● **What you need to do**
Restate the records word for word. Include no pictures.

● **Source data**

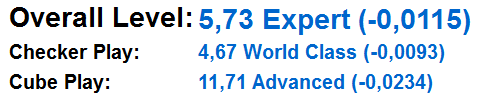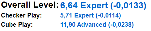 Johan played 2 matches at an astonishing level : PRs of 3,39 and 3,34 serve to illustrate his potential. However, these promising performances were sadly offset by matches where PRs rose above 8. It cannot be a coincidence that these were the matches where Johan’s cube play was at its worst. Although his checker play was consistently Expert or better, his cube decisions were frequently wide of the mark. Like all of us, Johan has room for improvement here. But, hey, would we play this game if it were easy?
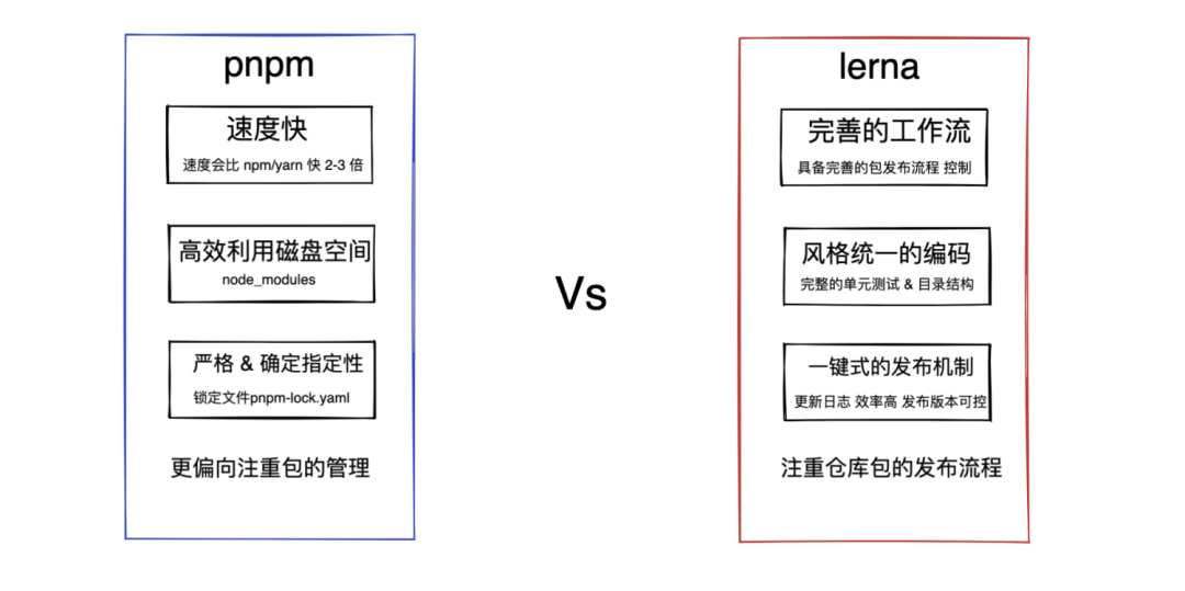 pnpm 更注重包的管理(像下载,稳定准确性等),相比之下 Lerna 更注重包的发布流程规范指定。
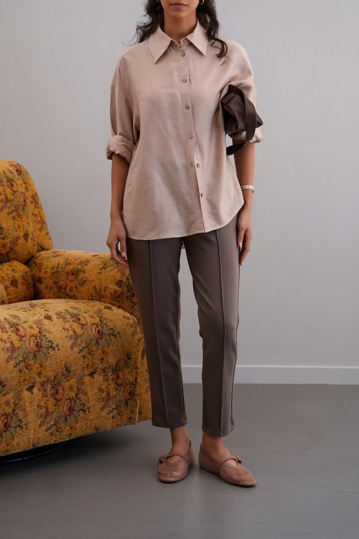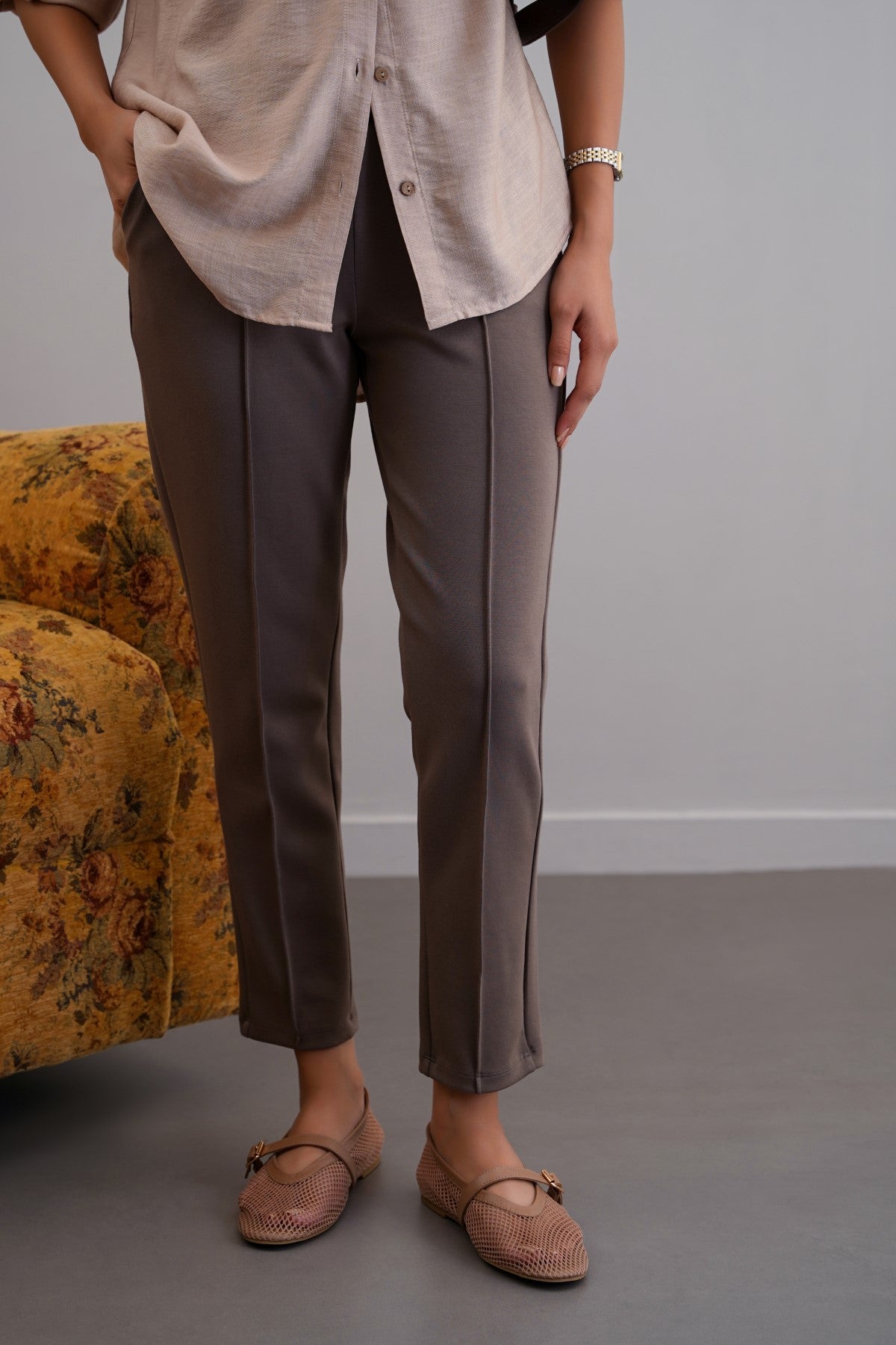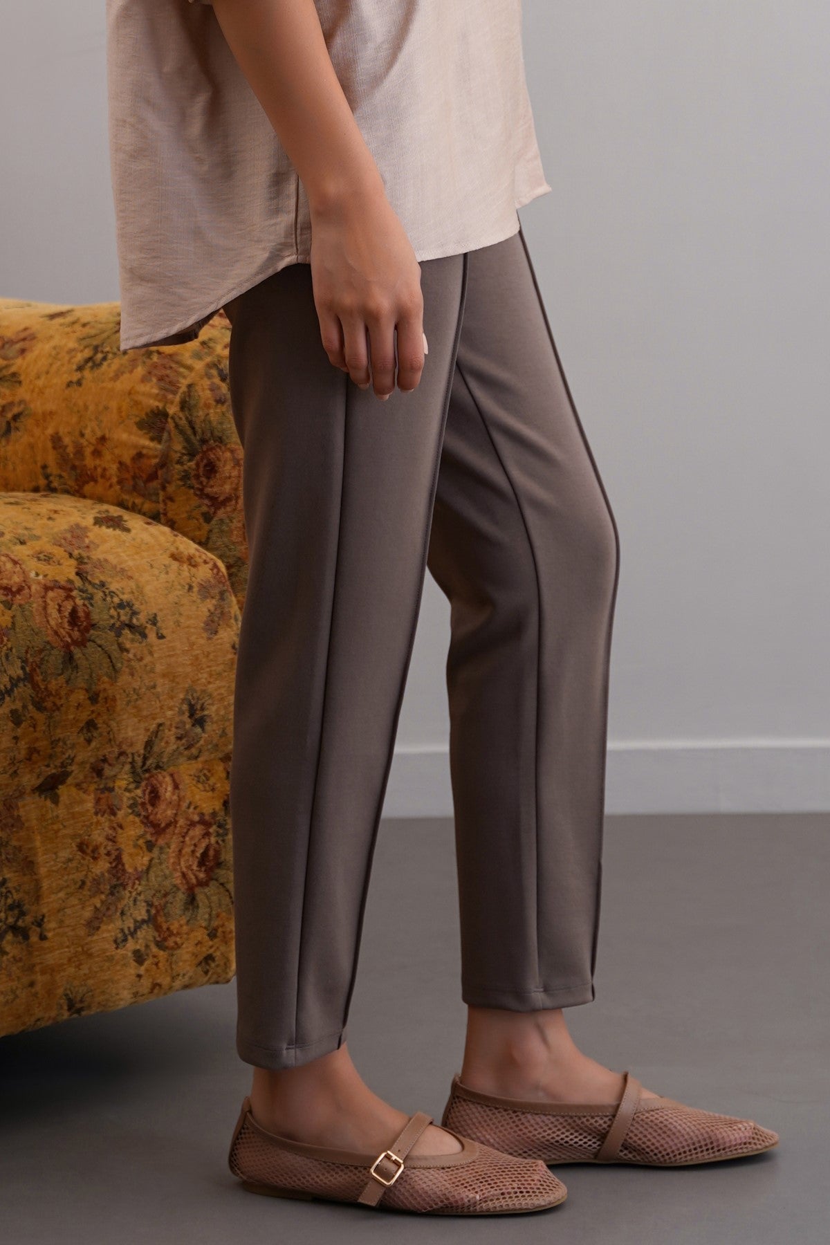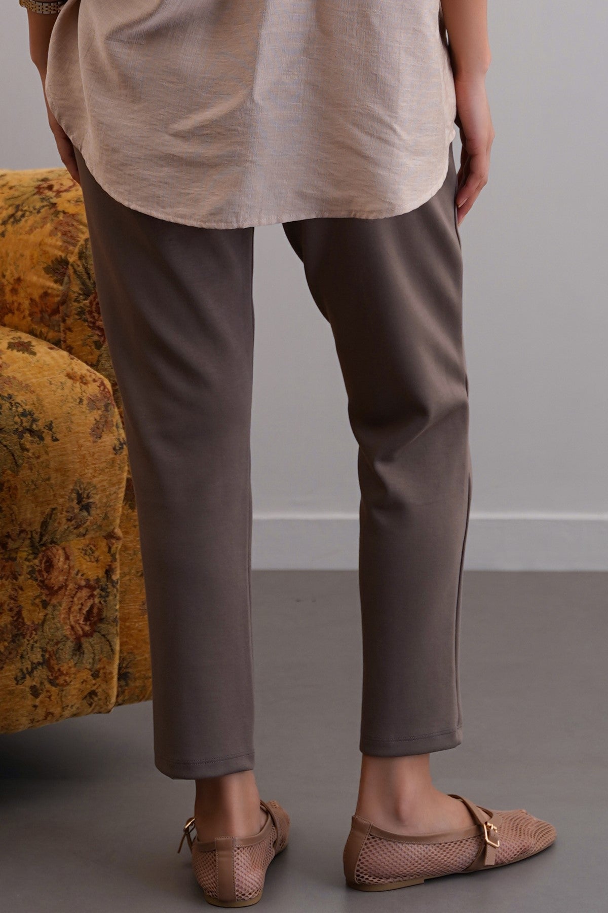 Design details: Tapered trousers with a belted front and elasticized back along with front pleats and side pockets.
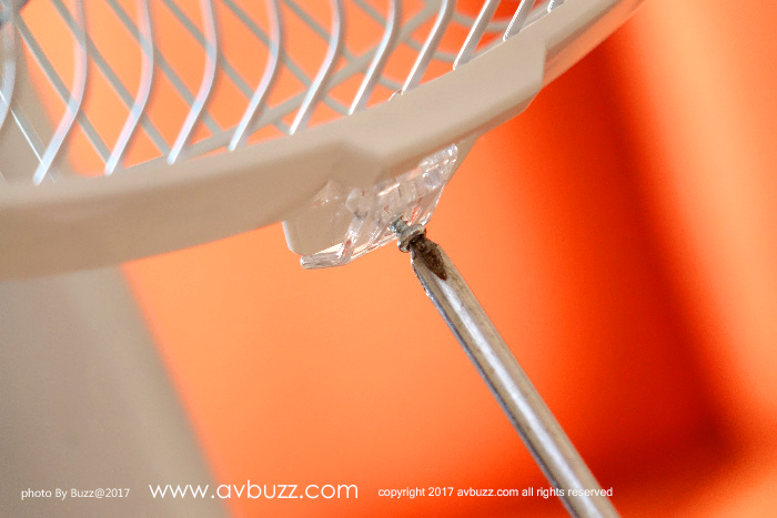 前網罩底部不但有安全扣,而且備有保險鏍絲,確保扇葉不會像血滴子飛出,什麼是血滴子?咳咳……..忘記吧。或者你可理解為,不會發生死神來了式意外,咁你會易明白D,哈哈哈哈……..。上述提到過組裝過程無需任何工具,但來到呢粒保險鏍絲,就需要工具了。
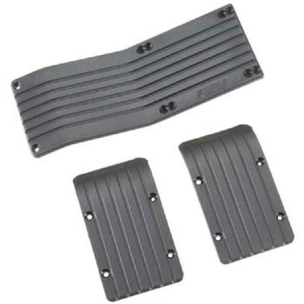 Important Note: RPM skid / wear plates require the use of stock, plastic skid plates, bulkheads and (for center skid plates) chassis braces. RPM skid plates will work with most aftermarket aluminum front & rear skid plates but RPM guarantees the fit only when used with stock parts.
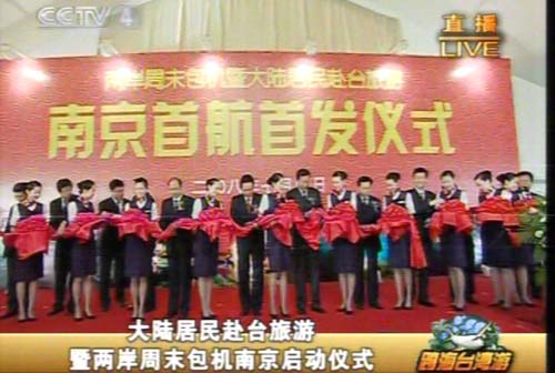 南京兩岸周末包機首航剪彩。(圖片來源:央視電視截圖)
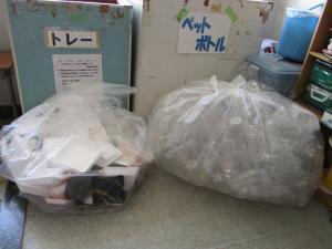毎週水曜日を「リサイクルの日」として、環境委員会がペットボトルとトレーの回収を行っています。
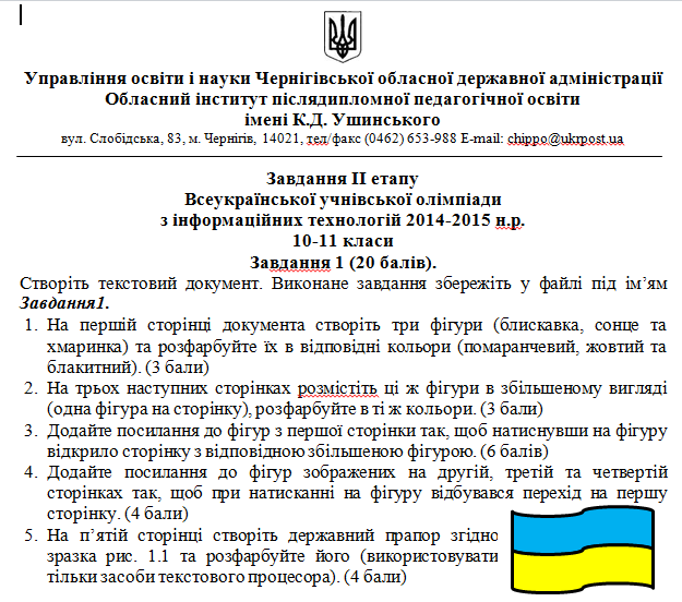 Завдання ІІ етапу Всеукраїнської олімпіади з ІТ 2014-2015 н.р. м.Чернігів
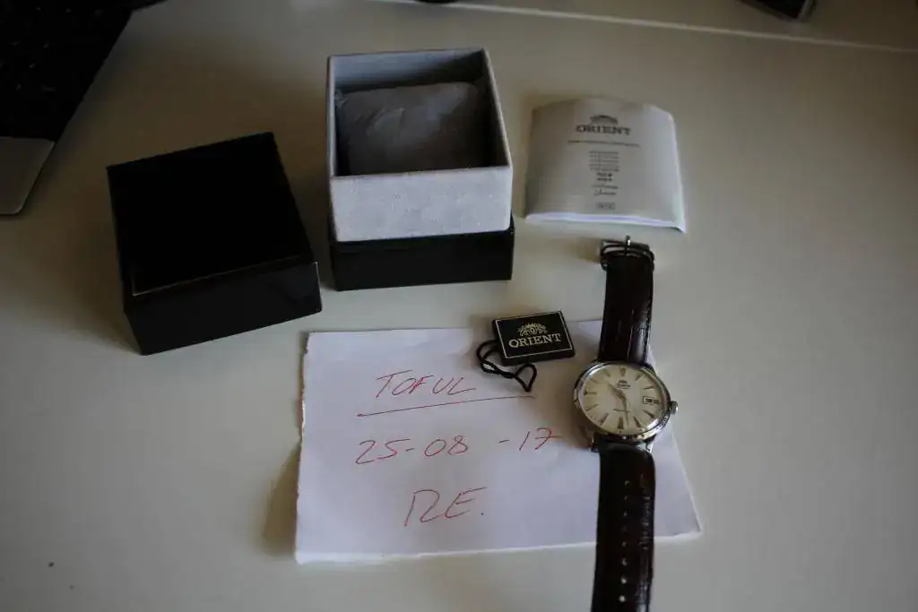 Vendo Orient Bambino, en su primera versión. Se trata de un reloj muy conocido en el foro y del que hay mucha información por lo que no me alargaré. Lo vendo porque he adquirido un seiko sarb065 que ya cumple la misión que tenía este en la caja. Lo tengo hace años pero ha tenido poco uso, ya que me lo ponía en ocasiones especiales (soy de diver). Caja y cristal en perfecto estado. La correa presenta las marcas de haber sido usado pero es utilizable.
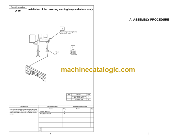 A-10 INSTALLATION OF THE REVOLVING WARNING LAMP AND MIRROR ASS’Y
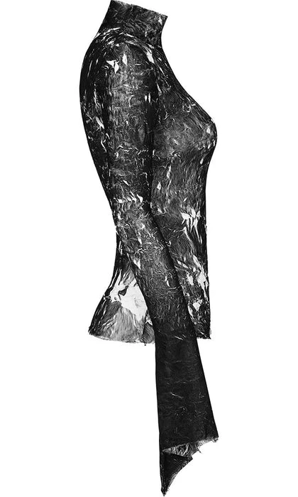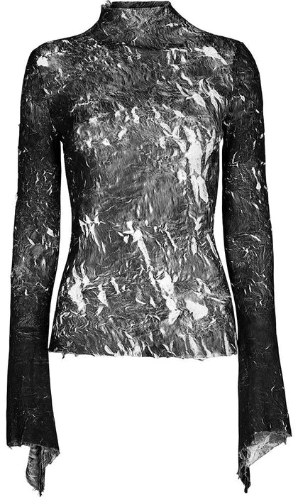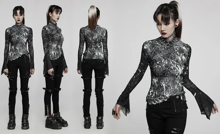 This stunning lightweight monochromatic turtleneck top features flared sleeves, a high neckline and a marbled design! Pair this stunning top with a pair of bondage pants and some sick combat boots to complete this look!
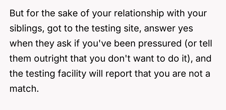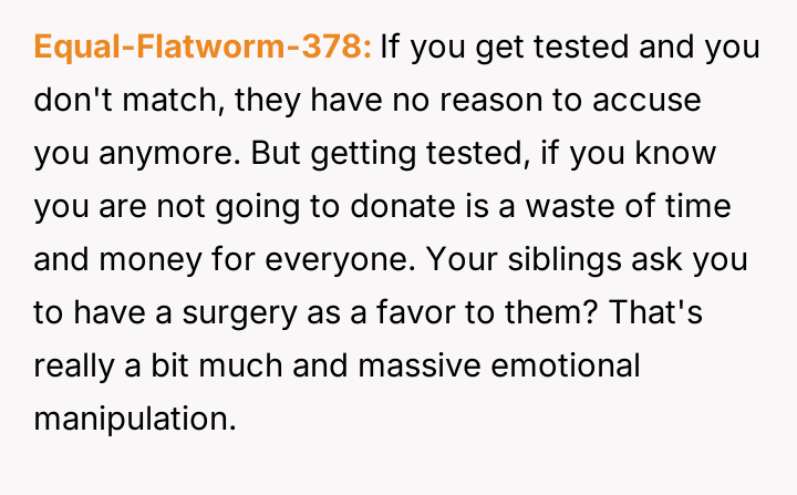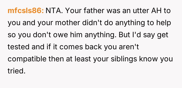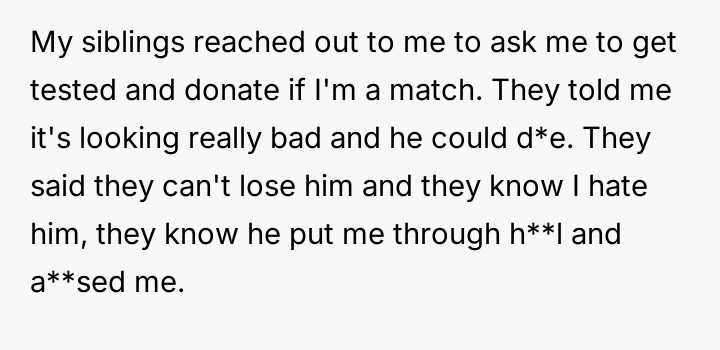 Given the severe, lifelong a**se inflicted by the father, is the OP morally obligated, even implicitly, to undergo medical testing for a transplant to satisfy the emotional needs of their siblings, or does the right to self-preservation and freedom from past a**sers supersede all familial obligation in this medical context?
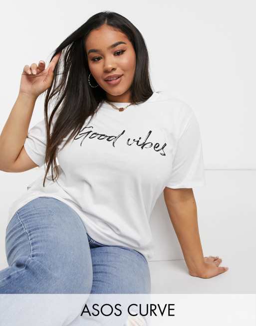 ASOS DESIGN Curve - T-shirt bianca con scritta "Good vibes"
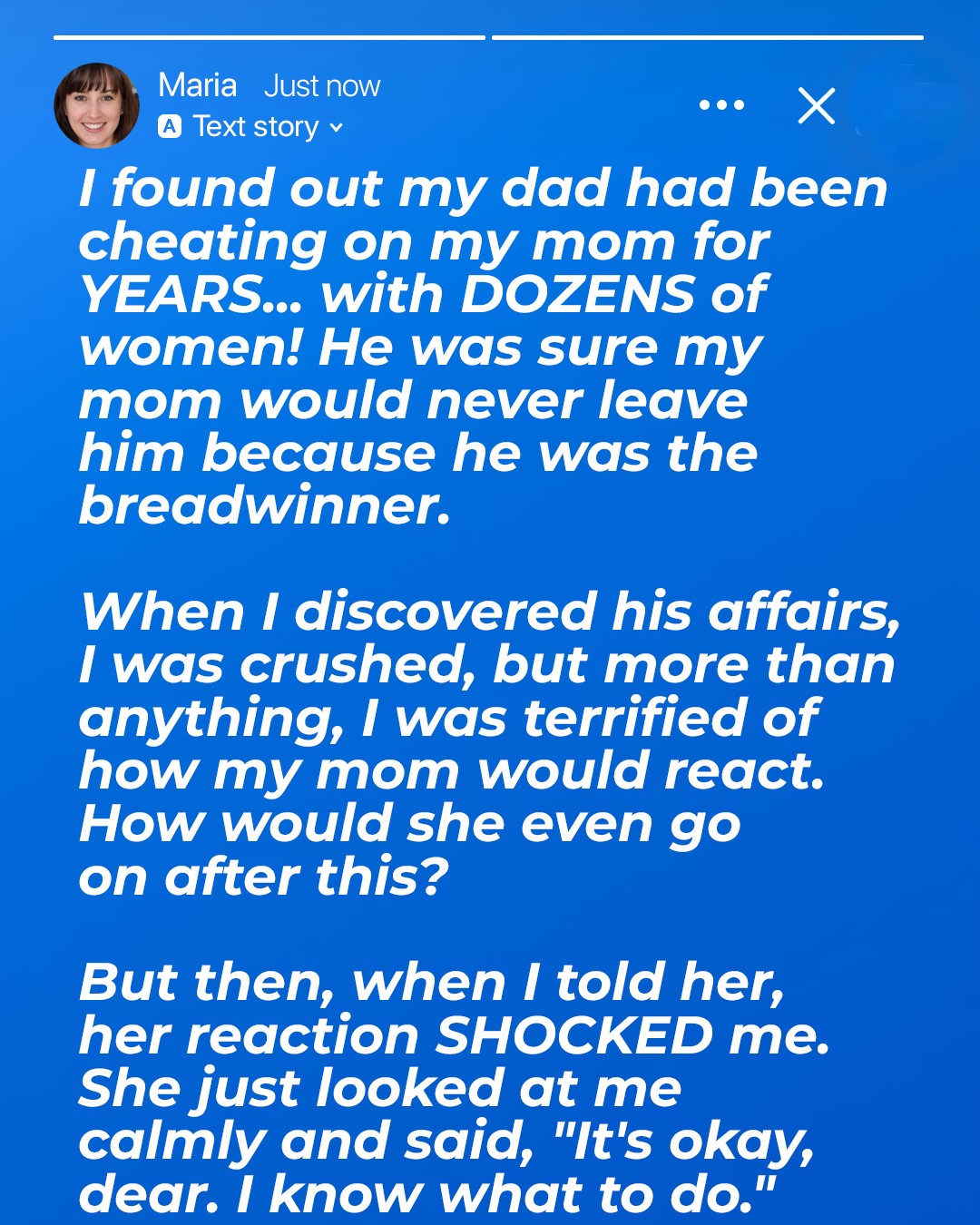 I didn’t know what to do. Should I tell her? Could she even handle it? She depended on him, after all. He was our provider and protector. What would she do if she knew? And yet, I felt like she deserved to know.

● **Problem solution**
 Johan played 2 matches at an astonishing level : PRs of 3,39 and 3,34 serve to illustrate his potential. However, these promising performances were sadly offset by matches where PRs rose above 8. It cannot be a coincidence that these were the matches where Johan’s cube play was at its worst. Although his checker play was consistently Expert or better, his cube decisions were frequently wide of the mark. Like all of us, Johan has room for improvement here. But, hey, would we play this game if it were easy?
 pnpm 更注重包的管理(像下载,稳定准确性等),相比之下 Lerna 更注重包的发布流程规范指定。
 Design details: Tapered trousers with a belted front and elasticized back along with front pleats and side pockets.
 前網罩底部不但有安全扣,而且備有保險鏍絲,確保扇葉不會像血滴子飛出,什麼是血滴子?咳咳……..忘記吧。或者你可理解為,不會發生死神來了式意外,咁你會易明白D,哈哈哈哈……..。上述提到過組裝過程無需任何工具,但來到呢粒保險鏍絲,就需要工具了。
 Important Note: RPM skid / wear plates require the use of stock, plastic skid plates, bulkheads and (for center skid plates) chassis braces. RPM skid plates will work with most aftermarket aluminum front & rear skid plates but RPM guarantees the fit only when used with stock parts.
 南京兩岸周末包機首航剪彩。(圖片來源:央視電視截圖)
毎週水曜日を「リサイクルの日」として、環境委員会がペットボトルとトレーの回収を行っています。
 Завдання ІІ етапу Всеукраїнської олімпіади з ІТ 2014-2015 н.р. м.Чернігів
 Vendo Orient Bambino, en su primera versión. Se trata de un reloj muy conocido en el foro y del que hay mucha información por lo que no me alargaré. Lo vendo porque he adquirido un seiko sarb065 que ya cumple la misión que tenía este en la caja. Lo tengo hace años pero ha tenido poco uso, ya que me lo ponía en ocasiones especiales (soy de diver). Caja y cristal en perfecto estado. La correa presenta las marcas de haber sido usado pero es utilizable.
 A-10 INSTALLATION OF THE REVOLVING WARNING LAMP AND MIRROR ASS’Y
 This stunning lightweight monochromatic turtleneck top features flared sleeves, a high neckline and a marbled design! Pair this stunning top with a pair of bondage pants and some sick combat boots to complete this look!
 Given the severe, lifelong a**se inflicted by the father, is the OP morally obligated, even implicitly, to undergo medical testing for a transplant to satisfy the emotional needs of their siblings, or does the right to self-preservation and freedom from past a**sers supersede all familial obligation in this medical context?
 ASOS DESIGN Curve - T-shirt bianca con scritta "Good vibes"
 I didn’t know what to do. Should I tell her? Could she even handle it? She depended on him, after all. He was our provider and protector. What would she do if she knew? And yet, I felt like she deserved to know.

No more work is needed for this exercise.